Si l’on envisage les Évangiles sous l’angle de la narration, on voit que les événements s’y succèdent de façon désordonnée, par brusques avancées et retours, sans souci de continuité. Cette désinvolture dans la conduite du récit témoigne autant de ses origines multiples que de son caractère accessoire, l’essentiel n’étant bien sûr pas dans le fait mais dans le symbole. Cependant, aux deux tiers de la narration, l’ordre s’inverse, le commentaire s’estompe. C’est la Passion: après une intense nuit de veille sur le Mont des Oliviers, Jésus est arrêté, torturé, condamné et crucifié. Lire le texte est en soi très émouvant; l’entendre dans une église remplie de monde, à Pâques, amplifie le sentiment; le voir mis en scène, interprété, incarné, lui ouvre encore une autre dimension. Peut-être le sentiment métaphysique se manifeste-t-il au théâtre avec plus de force que dans n’importe quelle autre forme artistique, et le Mystère du Moyen-Âge n’a pas, sur son public, un impact moindre que la tragédie grecque. Si l’on ajoute à cette scénographie la splendeur d’une musique qui n’a été écrite que pour elle, on comprend que la Passion soit particulièrement appréciée depuis les origines de la chrétienté. Au XVIIIème siècle, deux genres coexistent sans se faire concurrence : la Passion en tant que telle, c’est-à-dire un arrangement musical sur le texte même des Évangiles, joué dans l’église (par exemple les Passions de Bach); et l’oratorio de la Passion, destiné aux salles de concert, création totalement originale, réécriture subjective et versifiée des derniers jours du Christ. L’exercice de double transposition et le renforcement mutuel de l’écrit par la musique visent expressément à accentuer le pathos: il ne s’agit ni d’un spectacle ni d’un divertissement, mais d’une liturgie laïque. Plus grande est l’émotion, plus profond le repentir. Il est certain que le caractère doloriste d’une certaine iconographie religieuse porte à s’interroger sur les intentions profondes de l’artiste; on se demande parfois si, à la visée purement morale de ces œuvres, ne s’ajouteraient pas quelques penchants moins honorables, prétexte à une esthétisation de la violence qui fait aujourd’hui plus que jamais recette dans le monde de l’art.
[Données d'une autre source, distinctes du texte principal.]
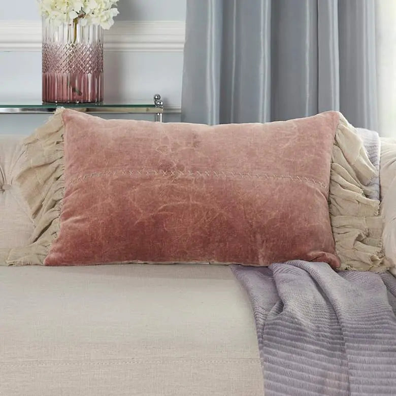 Sofia Blush Stitch Velvet Frills 22"x14" Throw Pillow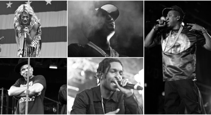 DMC of Run-DMC on the 2012 Made in America Festival. A$AP Rocky on the 2015 Roots Picnic.

Compositeur extrêmement prolifique, Telemann a naturellement écrit une quarantaine d’oratorios de la Passion. René Jacobs nous propose ici le plus célèbre d’entre eux. À l’origine, c’est un poème publié à Hambourg en 1712, dont l’auteur, Berthold Brockes est notable de cette ville: Jésus martyrisé et mourant pour le péché du monde. Immédiatement populaire, le texte sera, en l’espace de quelques années, adapté quatorze fois, entre autres par Haendel, Keiser, Mattheson. Si, à cette époque, Telemann l’emporte en reconnaissance (même sur son contemporain J.-S. Bach), sa mort en 1767 signe le début d’un inexplicable oubli. Aussi ce disque n’est-il que le second enregistrement à ce jour de l’oratorio, méritant, du fait de sa rareté, l’intérêt qu’on lui porte. René Jacobs a choisi de supprimer quelques petites choses ça et là, pour, dit-il, rééquilibrer l’œuvre. Peut-être aurait-il mieux valu qu’il s’abstienne, car c’est en cherchant à se conformer aux canons actuels que l’on risque de commettre une faute de goût. Quoi qu’il en soit, malgré ces coupures, l’oratorio de Brockes n’en demeure pas moins une redécouverte essentielle, contrepoint intéressant aux sempiternels réenregistrements des mêmes œuvres. L’interprétation est remarquable, surtout en ce qui concerne l’orchestre. En effet, parties instrumentales et vocales sont dans cet oratorio d’une égale importance. Les voix, vibrantes et passionnées, sont mises en valeur par une partition surprenante, d’une conception relativement moderne. À hauteur d’homme, l’oratorio demeure une œuvre terrestre; Jésus est montré dans sa fragilité humaine, chair en souffrance, esprit qui doute - l’heure souveraine de la résurrection n’a pas encore retenti. Les instruments revêtent un rôle tantôt métaphorique (le hautbois, par exemple, traduit la voix de l’âme), tantôt suggestif (les cordes pincées figurent les épines qui s’enfoncent dans la chair) et les contrastes sont si nombreux, si violents que la tragédie s’éprouve physiquement. L’oratorio, tragique et charnel, confine à l’opéra. Expression d’états d’âme changeants, angoisse, hésitations: la musique illustre, colle au texte et à la peau même des personnages, sans distance, immédiate et violente.